- Opening Delimiter -
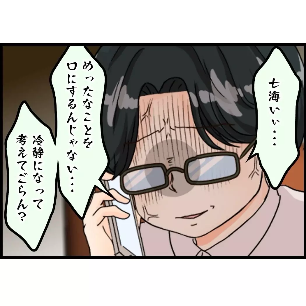 自分こそがすべての元凶であるにもかかわらず、七海さんに濡れ衣を着せて優位に立ち続けようとするマコト。どうにか戻ってこさせようとメッセージを送りますが、すべて無視されます。
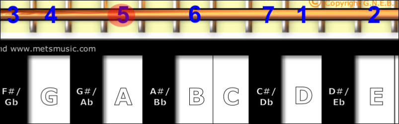 All the Blue Numbers show the notes of the A Mixolydian Mode all over the neck of the Guitar and across the Keyboard too
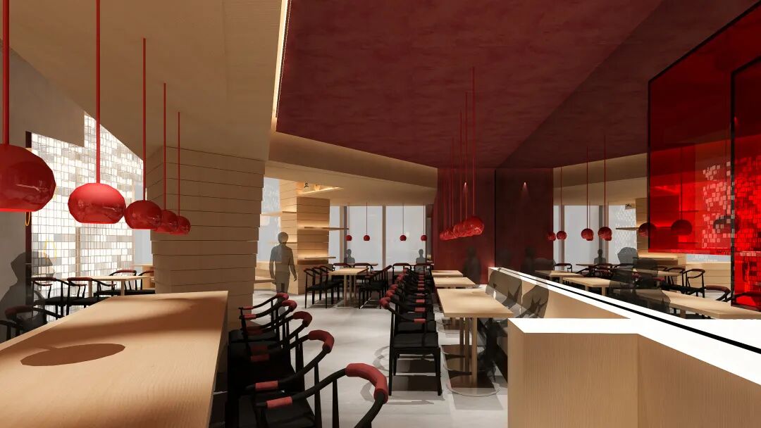 延伸至二楼的红色,通过深色不锈钢的收融,使得空间的猛烈气势在此得到缓冲与消解。通过块面的区分,材质肌理间的明暗对比使之得以被重新诠释。
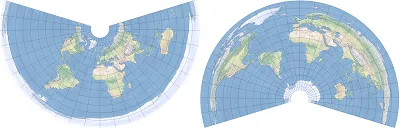 2. Shows an equidistant or simple conic projection with standard parallels located in the Northern (left) and Southern (right) Hemispheres.
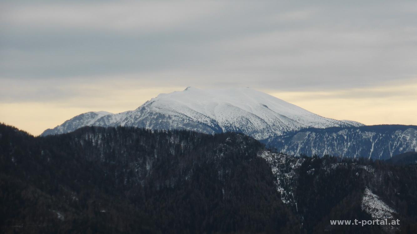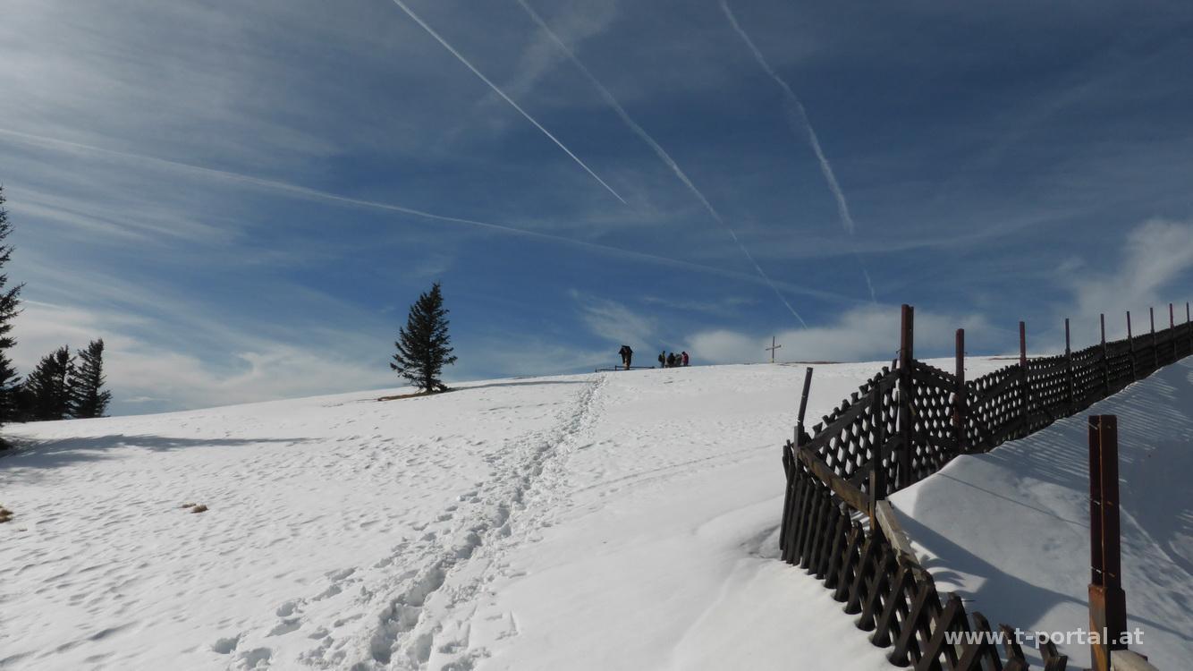 Nach einigem Auf und Ab komme ich zur Kleinzeller Hinteralm. Mir kommt der erste Wanderer des Tages entgegen, der hat die Schneeschuhe am Rucksack - ich frag mich ob ich die auch bräuchte. Für den weiteren Aufstieg ab der Hinteralm nehm ich nun doch die Wanderstöcke zur Hilfe. Immerhin hab ich extra Schneeteller besorgt :-). Von nun geht es auf einer ganz gut ausgetreten Schneespur bergan, geht auch ohne Schneeschuhe ohne Probleme. Nach der Almwiese im Wald ist wieder weniger Schnee, bei der steileren Wiese vorm Gipfel natürlich wieder mehr. Ich nehm trotzdem die ziemlich direkte Linie und stehe nach ein paar mal Schnaufen auf der Reisalpe.
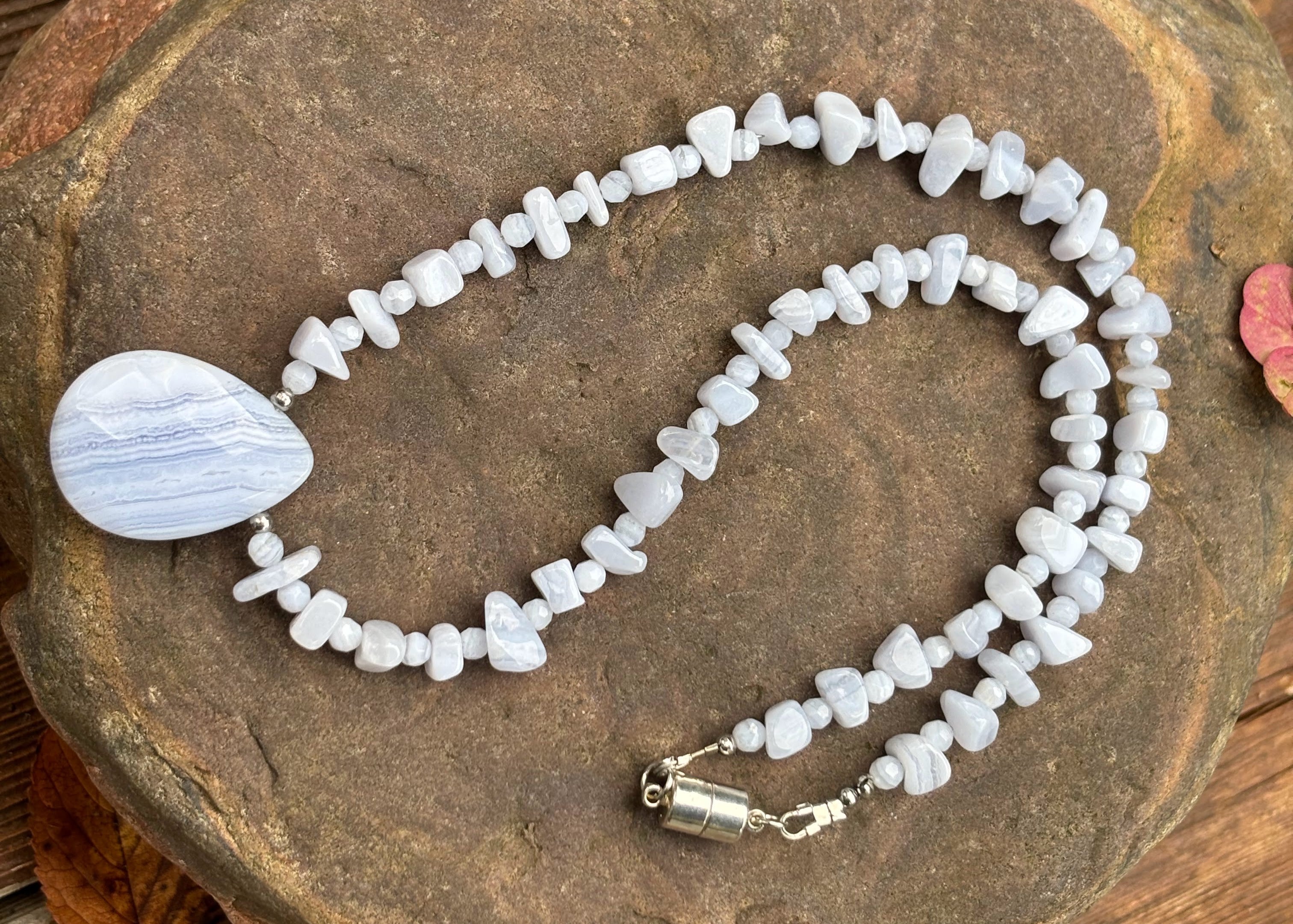 Light sky blue Blue Lace Agate necklace. Square and round beads with large oval pendant. Silver accents. Magnetic Clasp. Colour is difficult to capture, IRL it is in between the ightest and the darkest photo.
- Closing Delimiter -
Task item:
Only the lines from the start of the material through the line containing "2. Shows an" should be transcribed. Pictures stay out.

Exercise response:
 自分こそがすべての元凶であるにもかかわらず、七海さんに濡れ衣を着せて優位に立ち続けようとするマコト。どうにか戻ってこさせようとメッセージを送りますが、すべて無視されます。
 All the Blue Numbers show the notes of the A Mixolydian Mode all over the neck of the Guitar and across the Keyboard too
 延伸至二楼的红色,通过深色不锈钢的收融,使得空间的猛烈气势在此得到缓冲与消解。通过块面的区分,材质肌理间的明暗对比使之得以被重新诠释。
 2. Shows an equidistant or simple conic projection with standard parallels located in the Northern (left) and Southern (right) Hemispheres.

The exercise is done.